Потом к маленькой трибунке подошел заместитель ректора по учебным вопросам. Этого нудилу мы видели почти каждый день. Сейчас заскрипит…
– Итак, ваше обучение закончено, – сообщил замректора. – Завтра утром, в десять ноль-ноль, у всей группы сбор в ангаре для последующей заброски.
На самом деле заброска начнется в полночь. Слова «завтра утром» предназначены для лишних людей, присутствующих в зале. Их всего десять из тридцати восьми свежеиспеченных бакалавров. Кого-то из них подозревают в работе на спецслужбы, милицию, бандитов, а у кого-то совсем худо с психологической устойчивостью. Завтра им скажут: по техническим причинам заброска отменяется. А на тот случай, если они явятся не одни, всю основную технику уже вывезут к тому времени на другое место. «Не знаю я, глухая я, слепая я, старая я», – скажет непрошеным гостям бабушка-вахтерша. Нас готовили в спешке, нас выпускали полуготовыми к делу, поскольку ректорат почувствовал чужой взгляд на своем затылке.
– …Мы не выдаем каких—либо дипломов или иных документов, свидетельствующих об окончании Невидимого университета…
Об этом нас предупредили в первый же день занятий. Но замректора – полная противоположность «основателю», человек худой, желчный, педантичный, страдающий, видимо, какой-то неприятной хворью, выкрасившей его кожу в цвета картонной тары, а губы превратившей в подобие двух выброшенных на берег медуз, – цедил казенными струйками бюрократию и дисциплину.
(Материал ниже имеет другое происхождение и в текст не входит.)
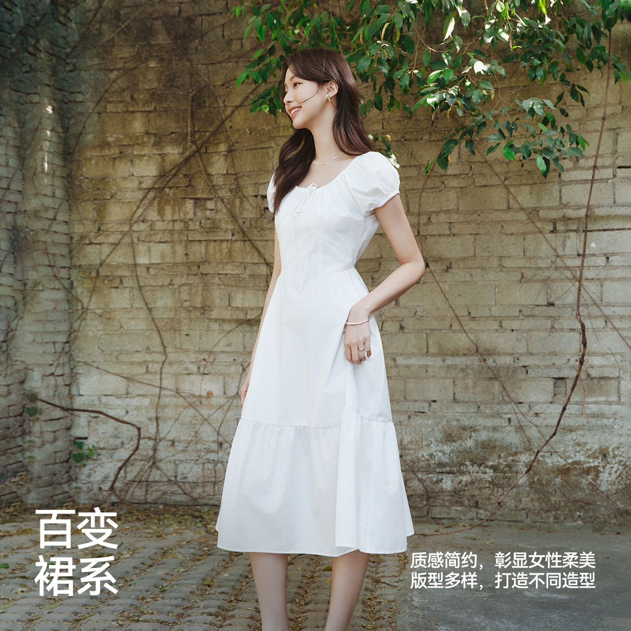 森马连衣裙女白月光气质温柔夏季2025新款蝴蝶结优雅U领长裙初恋

– …о завершении вами учебного курса будет сделана пометка в секретной Протокольной книге. Кроме того, через пять минут вам будут выданы нагрудные знаки, соответствующие степени бакалавра хроноинвазии. Руководство Университета просит вас не злоупотреблять их ношением. Ввиду обстоятельств, так сказать, о которых вы уже были оповещены. Перед получением нагрудных знаков вам следует расписаться в даче подписки о неразглашении у господина Вяхирева. Пройдите, пожалуйста, вон за тот столик…
– Погодите! Погодите… – прервал его «основатель». – Я очень хотел сказать вам, но не решался… Вас тридцать восемь человек. Вы будете третьей группой, заброшенной в прошлое. Остальные благополучно вернулись, ничего не добившись, впрочем, вы об этом знаете… Не о том говорю. Вы меня простите… я сегодня как-то… не в своей тарелке… господа… ребята… если у вас всё получится, вы останетесь там, в белой России… Потому что вернуться вам будет уже некуда. Но если никто из вас ничего не сможет сделать… послушайте… не суйте головы в смертельные переделки. Лучше вернитесь назад. Вы здесь нужны, вы здесь понадобитесь. Постарайтесь остаться в живых. Я… был в первой группе. Никто вам не сказал? Ладно… не важно. Цените свои жизни как можно выше, вот вам самый главный совет. Мы собрали Агрегат в тайне, угробив на это шесть лет и сто двадцать тысяч долларов. Мы не очень молоды и не очень богаты, нечто лучшее нам вряд ли когда-нибудь удастся… короче говоря, мы своими руками разрушим Агрегат, хотя он и единственный в мире, да ладно… разрушим, поверьте… если вы не будете возвращаться.
– А как же ваша мечта? – спросил кто-то из зала.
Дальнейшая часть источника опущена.